Now, I eat what I want and quit when I've had enough. No clean-plate-rule here. I eat what I want, when I want. it's working for me.

BTW, 50 pounds off is wonderful!


----------



## TxGypsy (Nov 23, 2006)

Well as I knew it would my weight loss stopped again. My body adapts quickly to whatever I am feeding it and stops letting go of the pounds. This was a good thing a couple hundred years ago when food wasn't as plentiful as it is now but it is very frustrating now. LOL....I'm from good stock!

I started weight watchers yesterday and so far it is pretty easy. I love the phone app. It lists nearly any restaurant you can imagine and most brands of foods. It is a simple matter of finding what you are eating and tapping on it to add it to your daily points. I hate counting calories and always have felt frantic and deprived when I attempt to do so. Letting the app add up the points is easy. It even adds points to what I can have when I exercise though I don't plan to eat extra to use the extra points allotted for exercise. This seems like something that would be very livable, unlike a lot of diets. I expect my weight loss to slow way down but that's ok as long as I continue to lose. 

I'm really focusing on building some muscle and continuing with cardio. I actually jog now which is pretty impressive even if it isn't for miles at a time yet. I notice my face is much less plump. I am getting contours in places that I haven't had since I was in my early 20's. I'm getting my legs back...woohoo! 

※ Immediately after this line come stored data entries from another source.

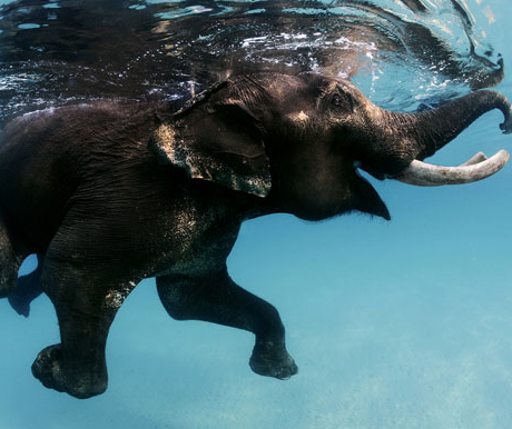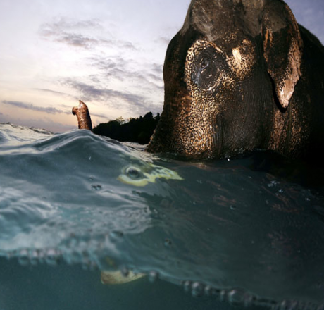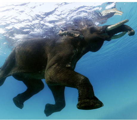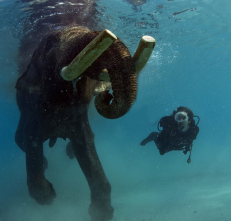 I always heard the phrase “swim­ming with the sharks.” But swim­ming with the ele­phants?  The Tele­graph recently posted a story about the last swim­ming ele­phant in the Andaman Islands.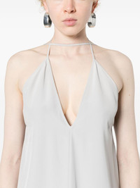 Double-Halter silk top Highlights - Grey - Spaghetti straps - Plunging v-neck - V-back - Full lining - Straight hem Imported Composition Silk 100% SIZE & FIT Model measurements Height 5 ft 9 in(1.75 m) Bust/Chest 34.64 in(88 cm) Hips 36.61 in(93 cm) Waist 26.37 in(67 cm) FittingInformation Designed to be unstructured, offering a loose fit throughout Made from a midweight non-stretch fabric This piece fits true to size – take your usual size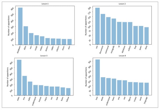 Top 10 most frequent words in each lesson.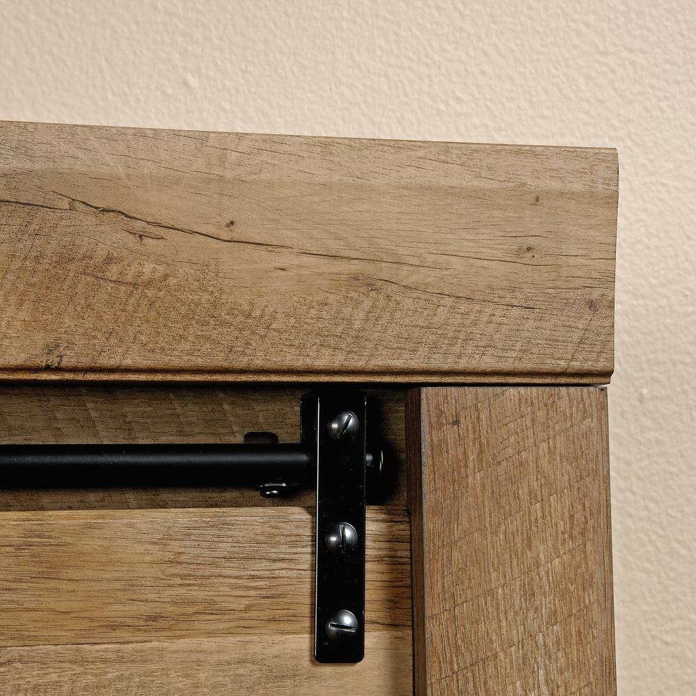 This farmhouse accent cabinet from the Adept Storage collection is the perfect solution to all your storage needs while adding a touch of rustic charm to your space. With its barn-style sliding door, this cabinet offers convenient hideaway storage options.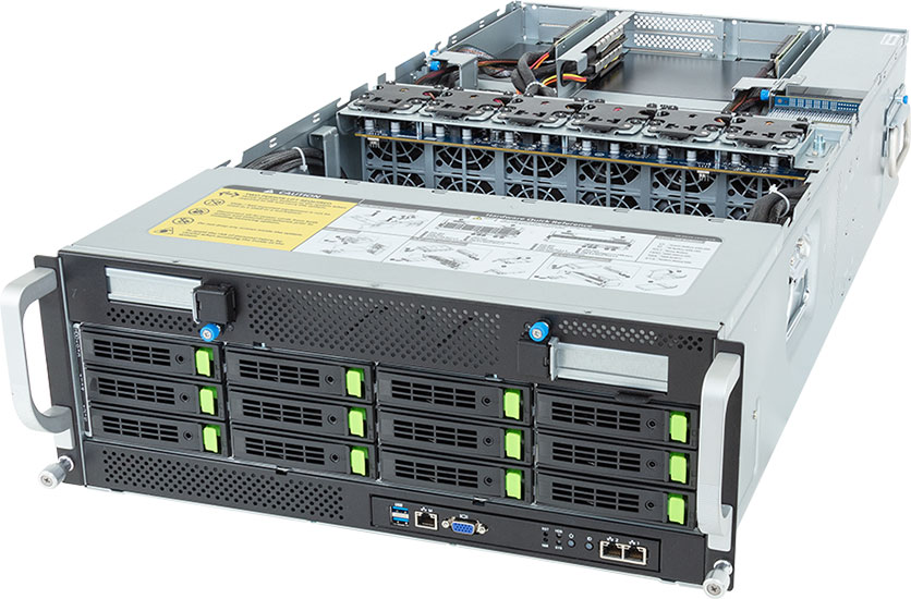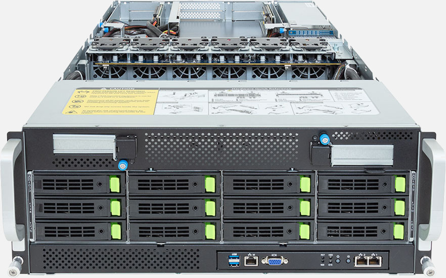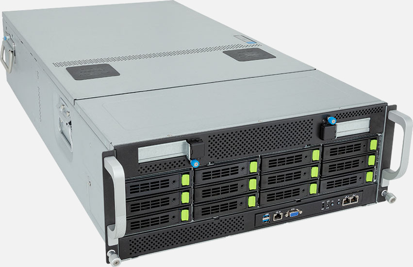 Dual 4th/5th Gen Intel Xeon Scalable Processors, Optimized for 8x NVIDIA OVX™ L40S GPU card slots, 2x 10Gb/s BASE-T LAN ports (Intel® X710-AT2), 12x 3.5"/2.5" SATA/SAS/NVMe hot-swappable drive bays.

Finally my super stubborn streak is yielding good dividends rather than getting me into trouble


----------



## roadless (Sep 9, 2006)

Congrats TxMex!
I would suggest only weighing in once a week.
I know my weight can fluctuate wildly day to day.


----------



## Bret (Oct 3, 2003)

I'm glad you have 50 lbs. less to carry. Good work. When I unload feed and carry fifty lb. sacks, I think about people who always have to carry that and more. I am not making fun of anyone. It is just hard to carry fifty lbs. My weight can change with the seasons and this is the season that is hard for me to keep the desired weight on. It can be a problem too.

And Happy Belated Birthday too.


----------



## Mid Tn Mama (May 11, 2002)

Very inspiring! When you get disappointed about the plateaus think about how much better your knees/back/hips feel!


----------



## unregisterd365936 (May 28, 2014)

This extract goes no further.